# [EXERCISE REQUIREMENTS]
Transcribe the data exactly, omitting whatever pictures it holds.

# [DATA SECTION]
_ _ _ _

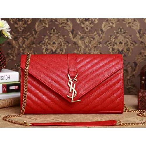 Borsa a mano media YSL Monogram in pelle trapuntata con texture effetto polvere rossa
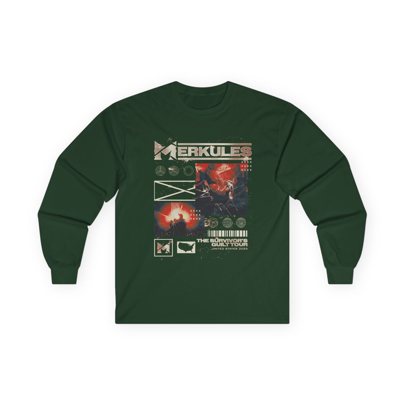 A bit more formal than a standard-issue t-shirt, the Merkules Survivor's Guilt Collage ultra cotton long sleeve tee is a clear comfort winner. The sleeves also act as a nice frame. There are no side seams. The shoulders are taped for improved durability. This makes for a good fitting around the shoulders and neck. The cotton used for these shirts is environmentally friendly.
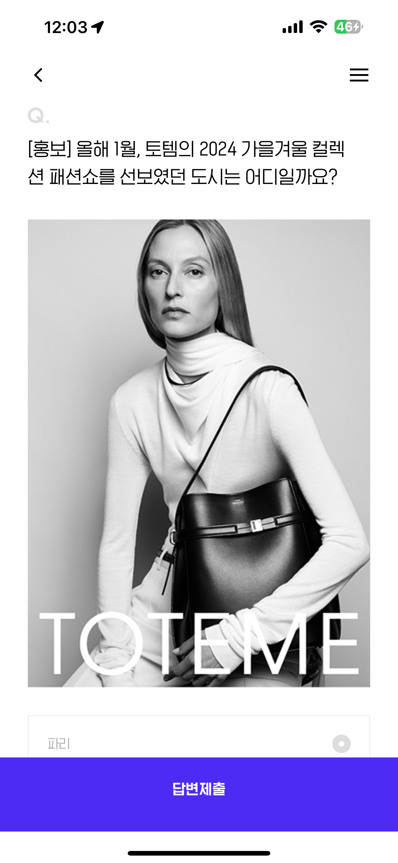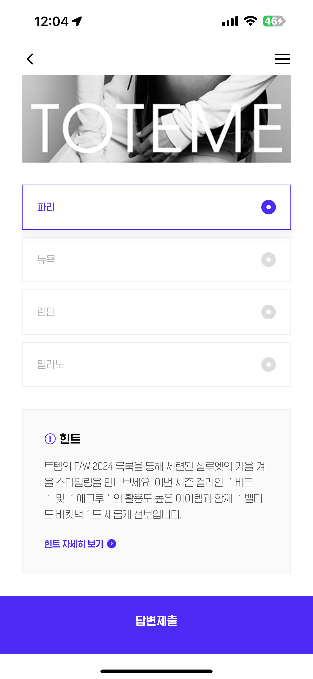 H포인트 퀴즈 8월 12일 정답(올해 1월, 토템의 2024 가을겨울 컬렉션 패션쇼를 선보였던 도시는 어디일까요?)

_ _ _ _

# [SOLUTION FOR THIS TASK]
 Borsa a mano media YSL Monogram in pelle trapuntata con texture effetto polvere rossa
 A bit more formal than a standard-issue t-shirt, the Merkules Survivor's Guilt Collage ultra cotton long sleeve tee is a clear comfort winner. The sleeves also act as a nice frame. There are no side seams. The shoulders are taped for improved durability. This makes for a good fitting around the shoulders and neck. The cotton used for these shirts is environmentally friendly.
 H포인트 퀴즈 8월 12일 정답(올해 1월, 토템의 2024 가을겨울 컬렉션 패션쇼를 선보였던 도시는 어디일까요?)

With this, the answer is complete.